Have you ever stared at something so long your eyes start to cross? And while your mind is screaming, “Look away, you’re not even focusing anymore,” you keep staring anyway?

I wonder if that’s how my mom felt, in those long moments of stillness. She was physically there, but… what was she feeling?

I’ve always been an introspective person — a thinker. I spent most of my youth with an inner dialogue that sounded a lot like Kevin Arnold from The Wonder Years. I write about this in my book, too — how I used to daydream out the car window, pulling up at red lights beside families who looked kind. I’d quietly hope they might want to take me with them.

—

If you’ve made it this far, thank you. This is the real stuff. The inner struggle. The softest parts of my story. And I’m grateful you’re here for it.

 

 

We all want better for our kids.
I think that’s universal in just about all moms — this deep, unshakable desire to break cycles, to give them more than we had. But it’s the bullshit that holds us back. The guilt. The fear. The conditioning. The idea that we have to do it all perfectly or not at all.

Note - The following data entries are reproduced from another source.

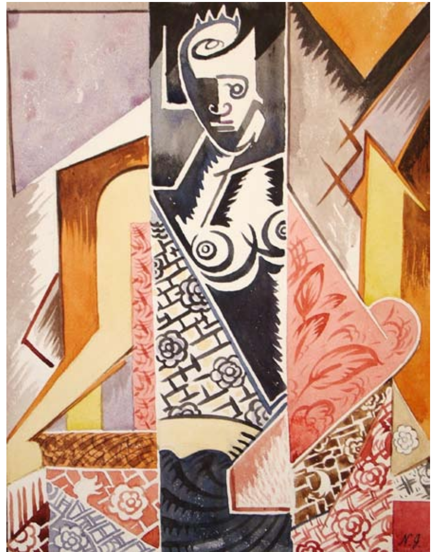
N. Gontcharov - Femme au châle (Espagnole) - 1919 -aquarelle - 22,9 x 17,8 cm

Tombé dans l'oubli dans les années 1930, l'exposition londonienne de 1954 organisée par Camilla Gray, permet sa redécouverte et inaugure ainsi les recherches et expositions visant à rendre à cet art la place qui lui est dû.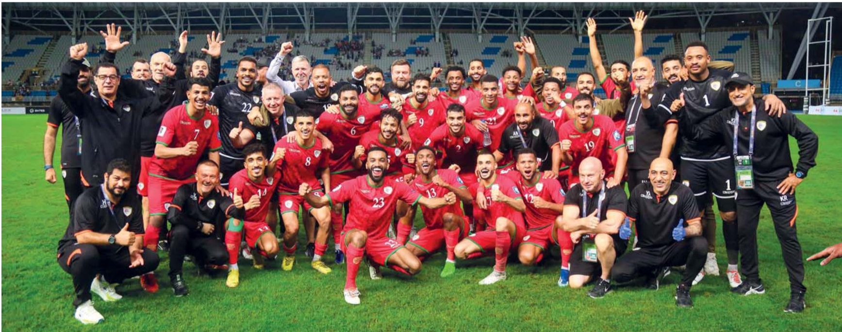
صورة جماعية للاعبى منتخبنا عقب الفوز على الصين تايبيه والتأهل إلى كأس أمم آسيا.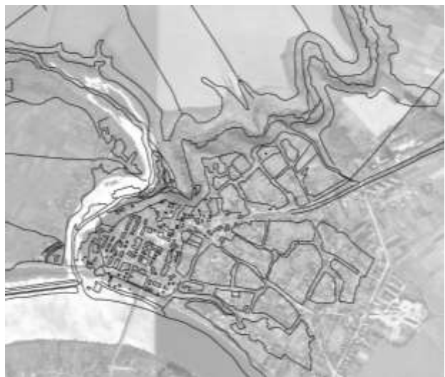
Рис. 6. Звірка плану 1840-х рр. з сучасним космічним ортофотопланом. Прорис. Виконавець І. Литвинчук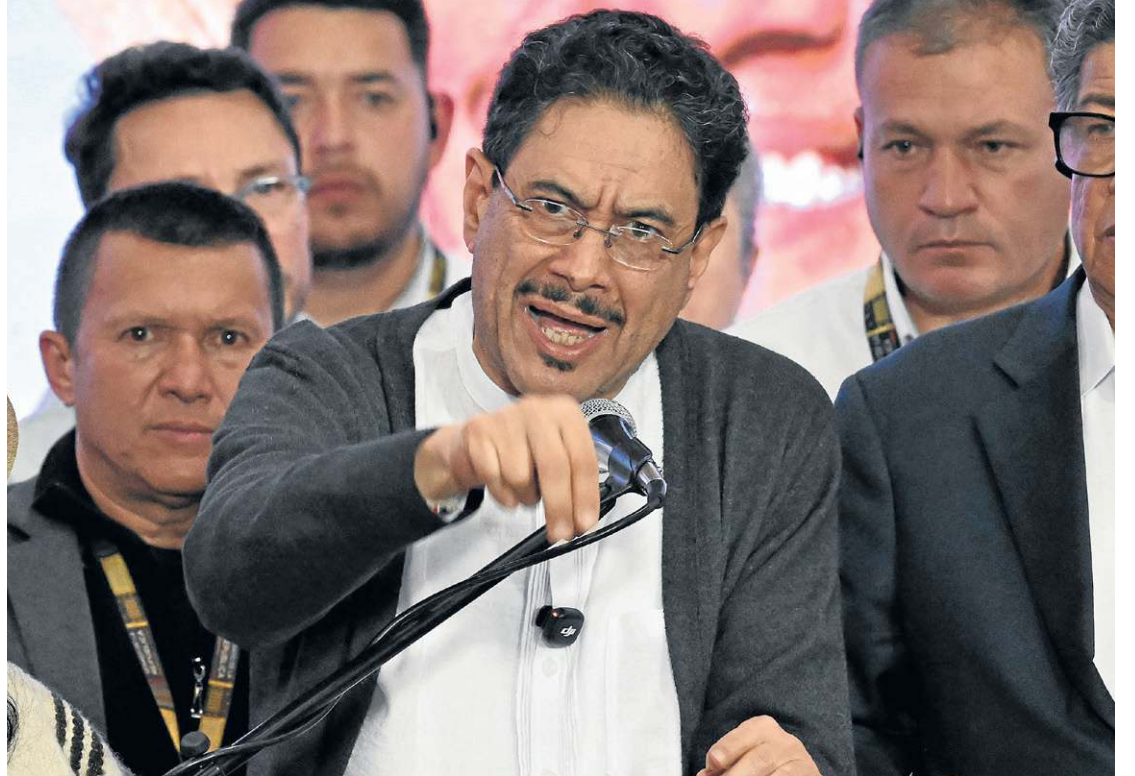
Iván Cepeda, candidato da esquerda, fala aos simpatizantes em Bogotá: resultado frustrante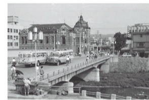
28 盛岡市史現代 写真集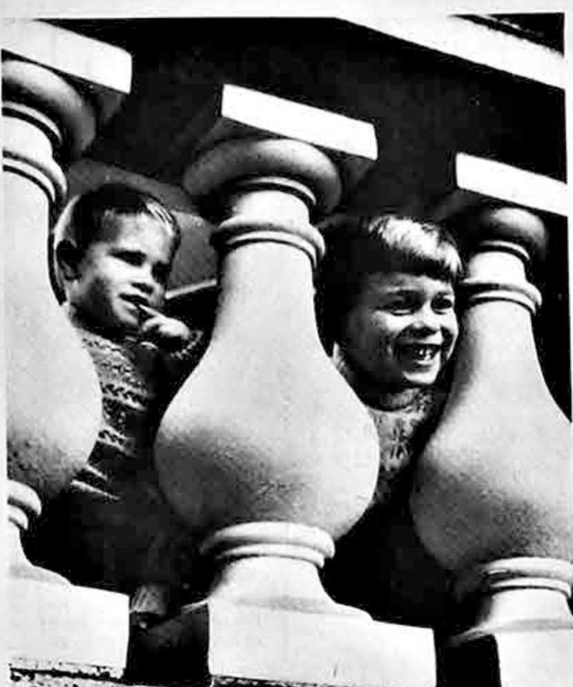
El Príncipe Andrés de Inglaterra (derecha), que cumplirá 6 años el 19 de Febrero, y su hermano de dos años, Príncipe Eduardo, observan a través de una balaustrada en su hogar del Buckingham Palace

El Comando Norteamericano resolvió hoy ampliar sus búsquedas en otras zonas. Varios millares de hombres, centenares de técnicos, un crucero, diecisiete navíos de todo tipo, dos submarinos de bolsillo, escuadrillas de helicópteros y grupos de hombres-rana emprenden una nueva y minuciosa exploración palmo a palmo. Todos tratan de localizar el artefacto nuclear y la caja negra que, pese a las consignas oficiales de silencio, nadie tiene idea de su paradero, ni siquiera aproximado. Al parecer, ambos objetos pueden hallarse lo mismo en tierra firme que en el mar.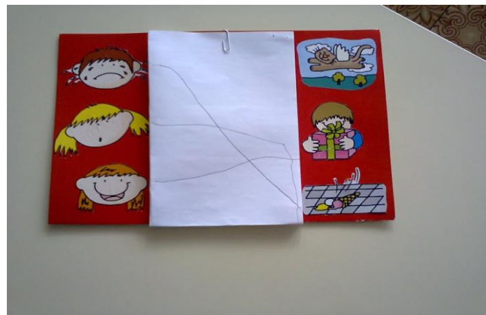
Дидактическая игра «Подбери эмоцию»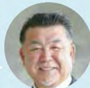
製造メーカー人事

導入することで外国人労働者の皆さんのモチベーションが上がりました。合わせて社内の労働環境も改善することができました。

We carry so much — unspoken expectations, unresolved trauma, outdated definitions of what a “good mother” looks like. And sometimes that weight gets so heavy, we forget to even ask what we want. Who we are. And what it might look like to give ourselves just a fraction of the grace we give everyone else.

But the truth is this: if we want better for our kids, it starts with us.
With how we care for ourselves. How we talk to ourselves. How we recover, repair, and rebuild — even when nobody sees it.

The most radical thing I’ve ever done for my children wasn’t surviving. It was healing.

Because now, when I look at those selfies — the ones that carry both pain and joy — I see a woman who didn’t give up. Who decided to stay. To fight for her peace. To choose a different path, even if it meant walking alone for a while.

So if you’re in a hard chapter right now — please know, it won’t last forever.
Joy is still in reach. Your story is still unfolding. And you, my love, are worth every ounce of the work.